---------- DATA SECTION

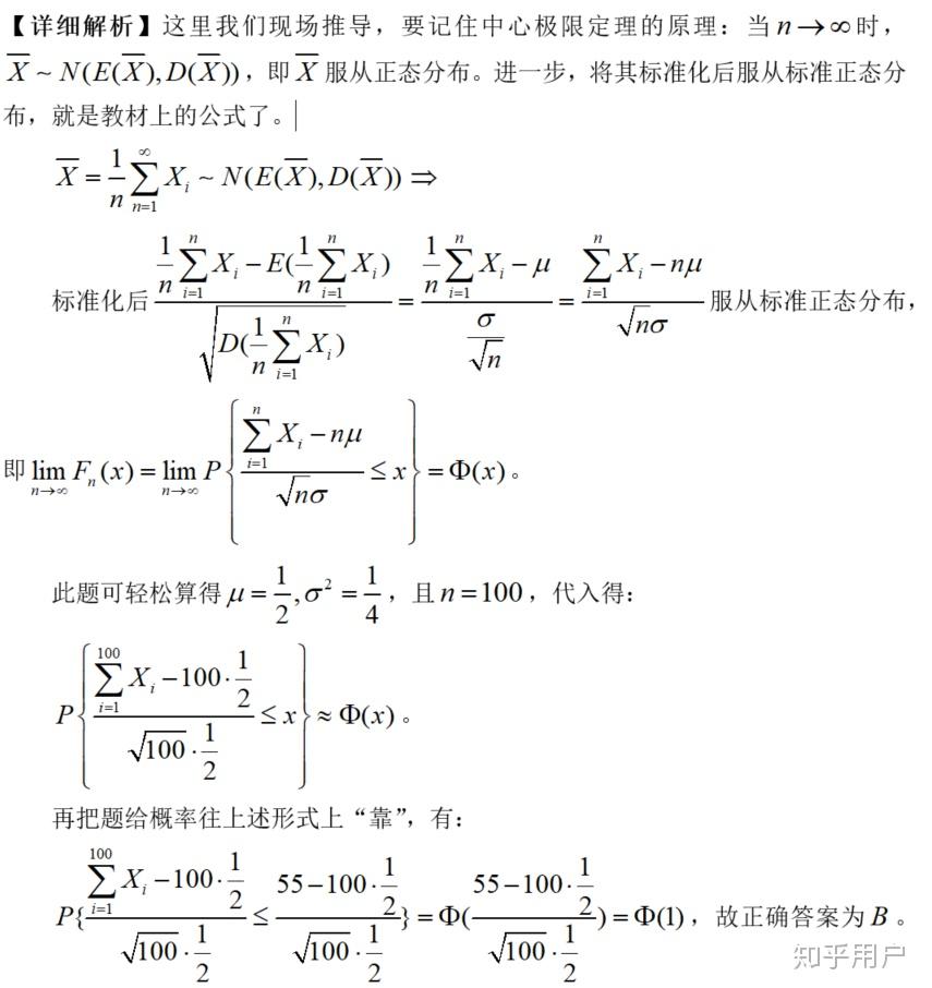 【阐发】本题间接考察中心极限制理,能够间接背公式,也能够记住原理,现场推导。
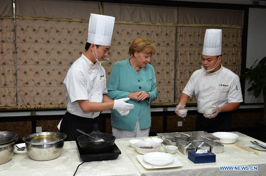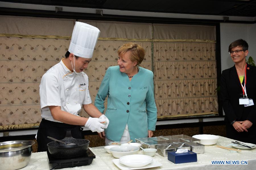 German Chancellor Angela Merkel (R) learns to cook Kung Pao Chicken, a traditional Chinese dish, in Chengdu, capital of southwest China's Sichuan Province, July 6, 2014. Merkel is on her seventh China visit as chancellor from July 6 to 8.(Xinhua)
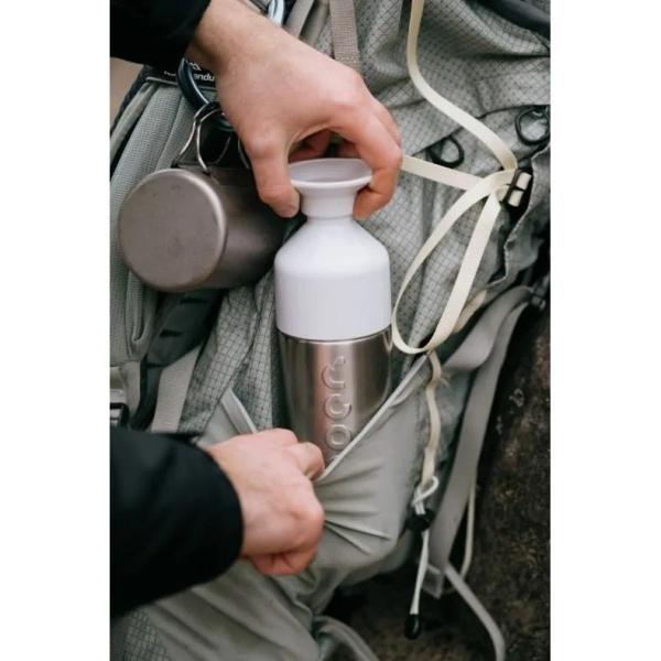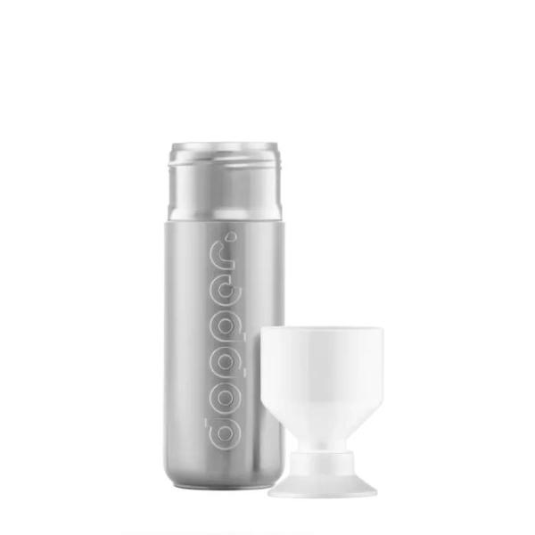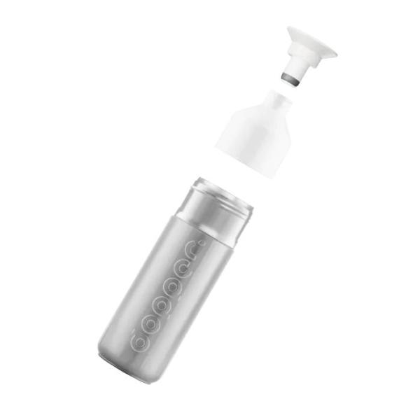 Wat het weer ook doet, de 580 ml Dopper Insulated Silver is de perfecte handlanger waarmee jij voor water uit de (warmwater-)kraan kiest. Wind, hagel of een meter sneeuw: in deze thermosfles blijft je water, thee of koffie 9 uur warm of 24 uur koud. En blijf jij bijdragen aan het redden van onze oceanen. Het hele jaar.

--------------------

- PROBLEM DESCRIPTION
Give back the data exactly, with no images.

- RESPONSE BOX
 【阐发】本题间接考察中心极限制理,能够间接背公式,也能够记住原理,现场推导。
 German Chancellor Angela Merkel (R) learns to cook Kung Pao Chicken, a traditional Chinese dish, in Chengdu, capital of southwest China's Sichuan Province, July 6, 2014. Merkel is on her seventh China visit as chancellor from July 6 to 8.(Xinhua)
 Wat het weer ook doet, de 580 ml Dopper Insulated Silver is de perfecte handlanger waarmee jij voor water uit de (warmwater-)kraan kiest. Wind, hagel of een meter sneeuw: in deze thermosfles blijft je water, thee of koffie 9 uur warm of 24 uur koud. En blijf jij bijdragen aan het redden van onze oceanen. Het hele jaar.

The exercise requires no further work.